As mention above. These cars are not in the same class when we think about size, comfort and driving experience.

BMW 135i/Z4 might be a good comparison though.


----------



## roocarl (Mar 2, 2013)

335 a good fast engine, 3 series a bit corporate though ,now a Z4M that is a fun car !


----------



## V6RUL (May 28, 2009)

335i is not in the same class as some V6s.. :wink: 
Steve


----------



## RAGAL (Feb 17, 2013)

Snappy79 said:


> 335i i not that powerfull. No problems to put the power on to the road with that car.
> 
> If it is snow, or ice i agree, but who use 306hp on snow and ice on public roads.
> 
> ...


I had a 335i coupe for 4 years and I can tell you for a fact that they spin up like mad in the wet so I'll have to disagree with you there. I'd be amazed if someone can get one to 60 in less than 8 seconds in the wet.


----------



## Seansy (Apr 9, 2012)

Looking at the normal stats, 0-60 isn't that far off from one another. But that's about it really. They are so different it's not really compareable!

S


----------



## billyali86 (Jul 26, 2011)

Stock v stock, on a dry road, a v6 wouldn't know which way the 335 went

Have you looked at a 135?


----------



## Snappy79 (Dec 23, 2012)

I thought he wanned the 35i, and mean that the 1 seriers are betyer to compare with than the 3 series.

135i is more comparable to the TTS (BMW for me), 1M compared to TT RS (not sure what to pick)

In the the 335i will spin if all the antispin systems etc are shut of. But why do you wanna do that. Its there to optimize power to surface without weel spin.


----------



## billyali86 (Jul 26, 2011)

Snappy79 said:


> I thought he wanned the 35i, and mean that the 1 seriers are betyer to compare with than the 3 series.
> 
> 135i is more comparable to the TTS (BMW for me), 1M compared to TT RS (not sure what to pick)
> 
> In the the 335i will spin if all the antispin systems etc are shut of. But why do you wanna do that. Its there to optimize power to surface without weel spin.

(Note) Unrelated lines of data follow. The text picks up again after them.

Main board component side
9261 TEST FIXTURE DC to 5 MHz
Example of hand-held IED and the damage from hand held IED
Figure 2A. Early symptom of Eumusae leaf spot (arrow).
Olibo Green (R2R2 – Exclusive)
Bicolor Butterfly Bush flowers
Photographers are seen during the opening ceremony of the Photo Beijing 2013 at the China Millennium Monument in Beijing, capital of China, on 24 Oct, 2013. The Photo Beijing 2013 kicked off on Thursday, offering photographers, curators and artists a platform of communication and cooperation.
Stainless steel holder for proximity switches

Sorry I didn't realise you had already suggested that. I like the 135, more suited to the size of the TT than the 3


----------



## sico (Feb 6, 2003)

billyali86 said:


> Stock v stock, on a dry road, a v6 wouldn't know which way the 335 went
> 
> Have you looked at a 135?


http://m.youtube.com/?reason=8&rdm=1114 ... Fwatch%3Fv%

Couldn't see where he went....


----------



## christoff1989 (Feb 18, 2013)

Snappy79 said:


> 335i for sure.
> 
> Wrong cars to compare.
> 
> ...


- 100% agree with you there buddy !! I know it's not really the best comparison but just wondered how different they actually are, as I'm gonna be purchasin one of the two in the next couple months :?

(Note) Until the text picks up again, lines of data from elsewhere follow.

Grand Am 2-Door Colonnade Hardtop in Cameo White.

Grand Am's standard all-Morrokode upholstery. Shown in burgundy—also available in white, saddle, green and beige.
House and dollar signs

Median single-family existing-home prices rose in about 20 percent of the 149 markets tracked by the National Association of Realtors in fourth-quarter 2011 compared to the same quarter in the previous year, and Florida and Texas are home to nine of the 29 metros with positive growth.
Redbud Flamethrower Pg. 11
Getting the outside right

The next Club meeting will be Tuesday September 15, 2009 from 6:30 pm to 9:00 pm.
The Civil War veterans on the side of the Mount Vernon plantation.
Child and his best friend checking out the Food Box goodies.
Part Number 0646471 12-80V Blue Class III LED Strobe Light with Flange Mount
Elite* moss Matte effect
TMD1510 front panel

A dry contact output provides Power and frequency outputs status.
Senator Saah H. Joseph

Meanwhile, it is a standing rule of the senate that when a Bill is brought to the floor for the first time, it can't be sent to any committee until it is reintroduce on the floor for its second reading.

Thanks for the responses though fellas [smiley=cheers.gif]


----------



## sico (Feb 6, 2003)

Quattro is useful

http://m.youtube.com/watch?v=V7g-pvpmgn ... re=related


----------



## Franzpan (Mar 17, 2013)

sico said:


> Quattro is useful
> 
> http://m.youtube.com/watch?v=V7g-pvpmgn ... re=related


That TT went round the corner like it was on rails!

I thought about a 335i coupe when I was buying the TT, never got to drive one though as for my budget I was looking at 80k examples vs 40k TT's. Also I really wanted Quattro.

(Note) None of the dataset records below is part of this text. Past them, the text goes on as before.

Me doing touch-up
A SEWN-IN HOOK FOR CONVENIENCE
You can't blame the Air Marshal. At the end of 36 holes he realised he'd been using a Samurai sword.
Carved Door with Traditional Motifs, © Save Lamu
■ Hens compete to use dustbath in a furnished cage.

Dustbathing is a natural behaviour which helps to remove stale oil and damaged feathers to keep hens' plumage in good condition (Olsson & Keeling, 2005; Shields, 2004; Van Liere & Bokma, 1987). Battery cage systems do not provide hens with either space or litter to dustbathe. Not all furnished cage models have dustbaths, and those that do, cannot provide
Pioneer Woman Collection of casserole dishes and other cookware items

I would say the 335 would be the quicker car. 0-60 times are pretty similar but I think it would pull away from the TT if doing 40-70 or overtaking speeds basically.


----------



## SuperRS (Mar 7, 2012)

A stock 335i is comparable in pace to a stock TTRS


----------



## Patrizio72 (Mar 22, 2011)

That kills the topic then...


----------



## Patrizio72 (Mar 22, 2011)

Franzpan said:


> sico said:
> 
> 
> > Quattro is useful
> ...


Lmao that video is actually quite funny


----------



## RobHardy (Feb 25, 2012)

My mate has a 135 BMW it would not quite hold a stock manual ttrs but prob bit quicker than a stock manual tts. Great engine tho, very smooth - speed isn't everything.


----------



## SuperRS (Mar 7, 2012)

This is a stupid topic, a 335i is much much quicker than the v6. V6's are slow!


----------



## christoff1989 (Feb 18, 2013)

SuperRS said:


> This is a stupid topic, a 335i is much much quicker than the v6. V6's are slow!


LOL [smiley=smash.gif]

Oh do forgive me, your highness, for creating such a "stupid" topic :roll:

Just wanted to see if getting the 3.2 V6 would be worth getting over a 335i as i personally much prefer the looks of the TT, just seeing if I could justify sticking with the TT like I'd originally hoped rather than the extra pace of the 335 twin-turbo. Only wanted to ask if anyone's had any experiences between the two cars ...... so my absolute sincerest apologies for asking such a ridiculously ludicrous question, Sir.

8)


----------



## SuperRS (Mar 7, 2012)

Because asking on a TT forum about TT vs 335i is going to give a unbiased view loooool


----------



## RogerB (Dec 16, 2012)

SuperRS said:


> Because asking on a TT forum about TT vs 335i is going to give a unbiased view loooool


Surely you mean a biased one.


----------



## V6RUL (May 28, 2009)

RogerB said:


> SuperRS said:
> 
> 
> > Because asking on a TT forum about TT vs 335i is going to give a unbiased view loooool
> ...


 :lol:


----------



## SuperRS (Mar 7, 2012)

It's what one calls a rhetorical question


----------



## conneem (Nov 4, 2006)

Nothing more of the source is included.